Consider the field $\mathbb R$ of real numbers under the usual addition and multiplication operations. Can this field be equipped with a total order $\prec$ which is not equal to the usual one $<$, and which gives $\mathbb R$ the structure of an ordered field? If so, is it possible that $(\mathbb R,+,\cdot,\prec)$ is not even isomorphic to $(\mathbb R,+,\cdot,<)$? I believe the second question is equivalent to asking whether there is an ordered field with the same set and binary operations as the real numbers, but which is not Dedekind-complete.
Some progress
Any total order $\prec$ must satisfy $0\prec n$ for every $n\in\mathbb Z^+$. From this, it follows that any total order must satisfy $0\prec r$ for every positive rational (here, I mean "positive" in the sense of the usual ordering). Moreover, if $p,q\in\mathbb Q$, then $p\prec q$ is equivalent to $0\prec q-p$, which in turn is equivalent to $0<q-p$ and thus $p<q$. This means that any total order on $\mathbb R$ agrees with the usual one, as far as rational numbers are concerned.

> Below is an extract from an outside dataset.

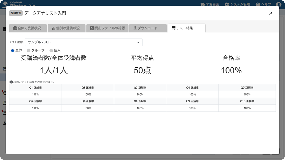 • テスト結果(THiNQテスト)を、従来のCSVダウンロードに加え、研修管理画面上で直接表示できるようになりました。これにより、よりスピーディーに学習状況の把握が可能になります。

Perhaps surprisingly, the answer is no - the ordering on $\mathbb{R}$ is unique! Or, more precisely, it's the only ordering which "plays well" with $+$ and $\times$.
This is because in any ordered field, every square is positive. Now just use the fact that for each (nonzero) real $r$ exactly one of $r$ and $-r$ is a square. Note that the ordering is determined entirely by the "positive part," since $x\prec y$ iff $0\prec y-x$.
Note that this relies on $\mathbb{R}$ having "enough" square roots. If we looked instead at something like $\mathbb{Q}(\pi)$, the argument above would break down and we might indeed have multiple compatible orderings. In particular, for $\mathbb{Q}(\pi)$ there are lots of compatible orderings (I made a silly mistake here, now fixed)! They fall into two broad "categories" depending on whether $\pi$ is considered positive or negative, but even within each category there's still lots of freedom.